Just like that! Order isn't important.

Why?

Hopefully by now you understand how this works but you may be asking why? All these examples seem contrived and so far they have been. But when you start running commands yourself you'll find that a lot of the times you need to keep track of what happens. A good example is if I'm running a web server from a computer: I want the output from the server (like who logged in, anayltics, metrics, security stuff, etc.) to live in one place so I can keep track of the logs and I want the error logs to live in another place so I can debug successfully what's going on with my server. In this case, stderr and stdout are very useful. What if I need to to input some secrets like passwords and cache keys to a server in order to start it up? stdin is definitely one way to do that.

Pipes

Okay so we've exhausted you can do with just files but what if we want to use the output of one program into another? Enter the pipe (sometimes called vertical bar,) |. This takes what one program outputs and puts it into the next one. This opens up a lot of possibilites. Let's redo that one we had above with grep using cat and |.
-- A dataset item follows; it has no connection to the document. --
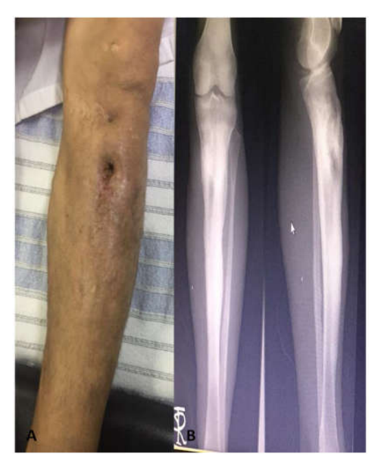
Fig. 1. A: Fistulas in the proximal metaphyseal region. B: AP and lateral radiography of the left tibia, lytic area in the tibial metaphyseal region and anterior bone condensation up to the distal diphyseal region

surgical toilets on three occasions and the application of multiple antibiotics for prolonged periods without improvement. Physical examination: presence of fistulas in the proximal metaphyseal region 1 cm in diameter, both with communication to the spinal canal and with active, purulent and fetid exudate. Paraclinical Hb 13mg/dl, HTC 30%, Cr 2.3mg/dl, Urea 40mg/dl, culture of E. coli wound exudate sensitive to moxifloxacin and amikacin, anteroposterior and lateral X-ray of the left leg showing anterior cortical condensation from proximal metaphyseal region to the distal third of the tibial diaphysis with the presence of a lytic zone of approximately 3 cm in the proximal metaphyseal region. After these findings, it was classified as chronic tibial osteomyelitis type IV B according to the host with added systemic disease chronic renal failure (CRF). Definitive surgical treatment in 2 stages was chosen (Fig. 1).
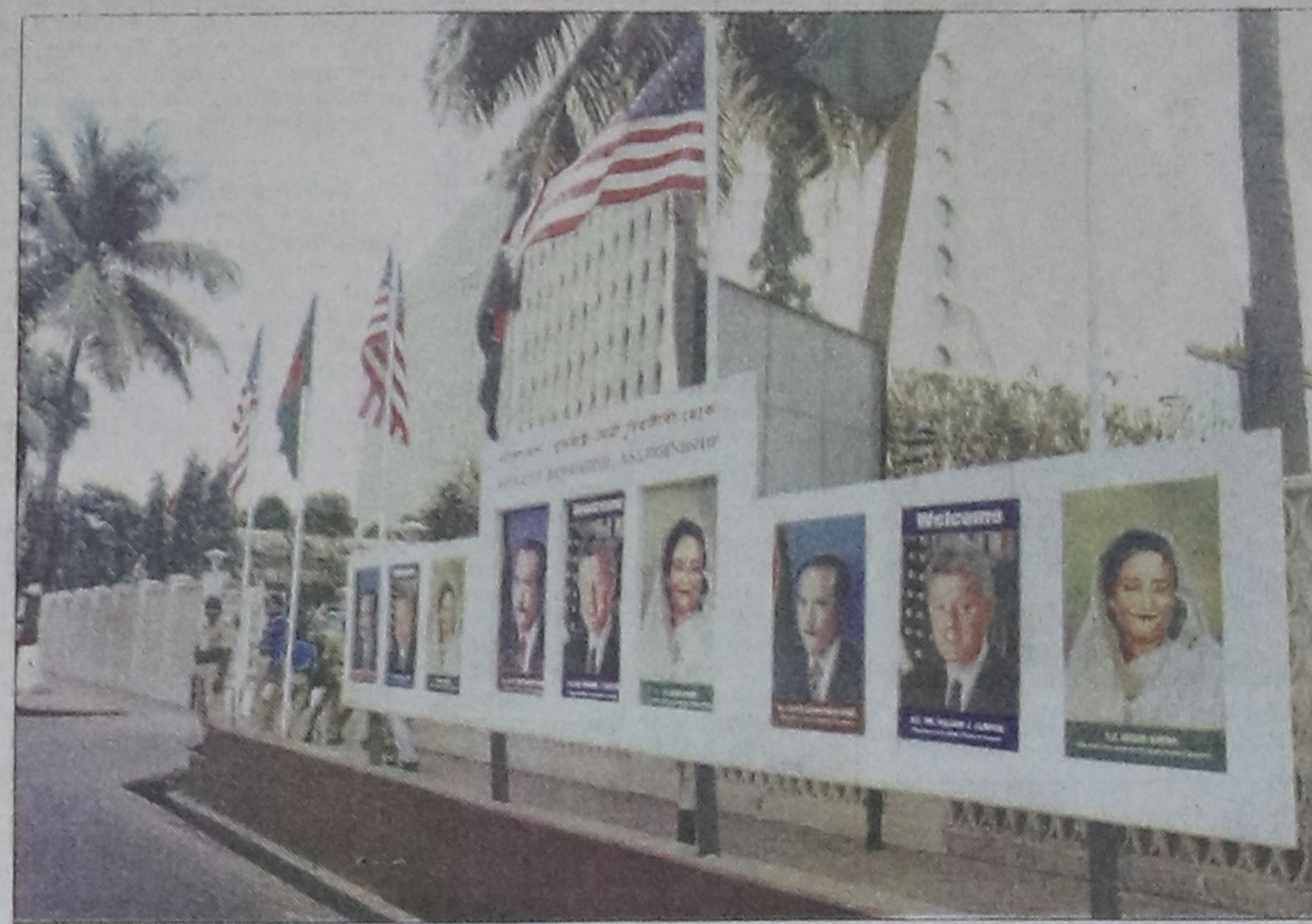
Billboards such as this one outside Hotel Sheraton welcome US President Bill Clinton to Bangladesh.

cat ls.txt | grep "error-log.txt"

cat will concatentate ls.txt to stdout and then | will take the output of that and run that as stdin to grep.
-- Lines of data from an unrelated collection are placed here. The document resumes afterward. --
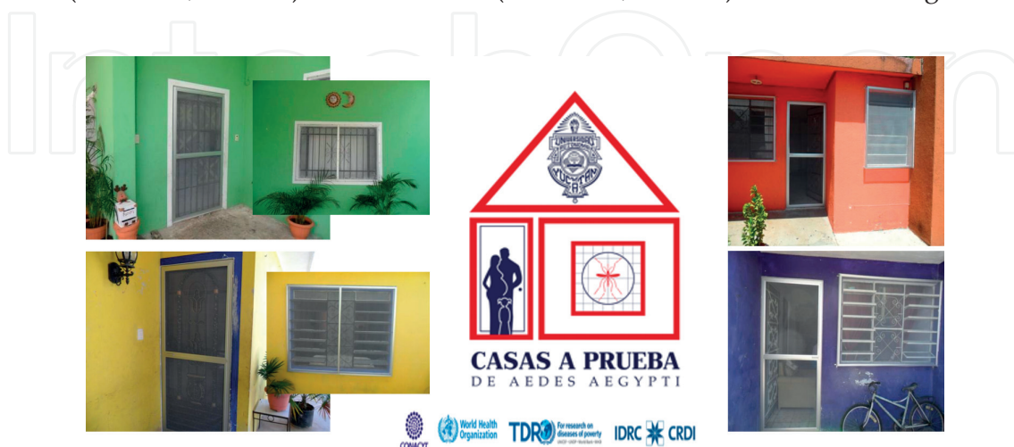
Figure 6. Aedes aegypti -proof houses.

The selection of these interventions was based on previous studies of our group. Briefly, from 2009 to 2014, cluster randomized controlled trials were conducted in the Mexican cities of Acapulco and Merida. Intervention clusters received Aedes aegypti -proof houses with ITS and followed-up during 2 years. Overall, results showed significant and sustained reductions on adult vector densities in houses in the treated clusters with ITS after 2 years: ca. 50% on the presence (OR \leq 0.62 , P < 0.05 ) and abundance (IRR \leq 0.58 , P < 0.05 ) of indoor-resting adults. ITS
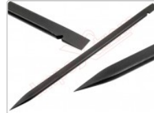
Opening tool Smartphone, tablet
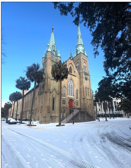
Wesley Monumental surrounded by snow on January 22, 2025.

Let's try another using ps. We'll get to processes later but ps outputs all running processes. It's usually a very long list since Linux has a lot running all the time. Try running ps aux and see how long it is. It can be much longer too if you're running a server. Notice the last thing it outputs is the ps aux command itself that you used to find it. Let's use grep to find just that line and nothing else. Try this:

ps aux | grep "ps aux"

This should output two lines, the ps aux call and the grep we're running to find that ps aux. A little self referential but the point here is that we're able to find just what we need and leave the rest behind. And we're doing that with the power of pipes. ps aux find all processes and outputs that to stdout. We then take that stdout and run that as the stdin to grep. grep then finds just the lines it needs and outputs just those to its stdout. At this point we don't have anything else redirecting output streams so it gets output to the terminal window. We absolutely could redirect that out to a file using 1>.

Let's a bit trickier one. If you do rm -i *.txt, it'll try to remove all files with .txt extensions. It'll all confirm with you on each one to say either y for yes or n for no. Try it and say "n" and hit enter for each one. Notice afterwards you won't have deleted anything.
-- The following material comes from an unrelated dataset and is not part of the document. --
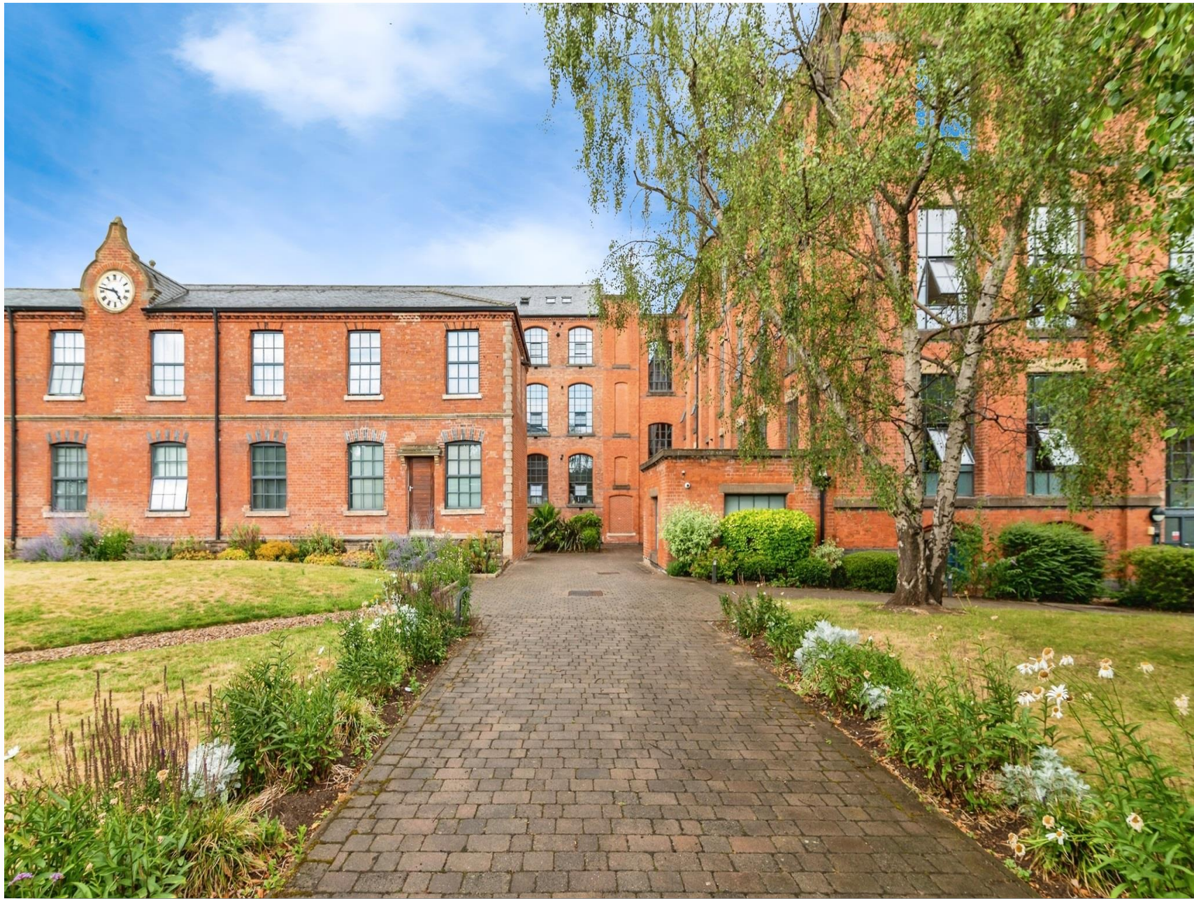
Morley Mills Morley Street,Daybrook Nottingham NG5 6JL

Lots of Linux programs function this way of answering y or n questions. Someone got sick of doing it and wrote a program to just answer y nonstop called yes. We looked at this before. But now let's yes it. Let's make it say n to all those questions.

yes n | rm -i *.txt

The first command, yes n outputs infinite ns to stdout. rm -i *.txt uses those from stdin to answer n to every question it asks. Pretty cool, right?

We'll use pipes a lot. By this we can use smaller commands like grep, cat, yes, and other to make higher level programs. We're using bash to program! Bash scripting.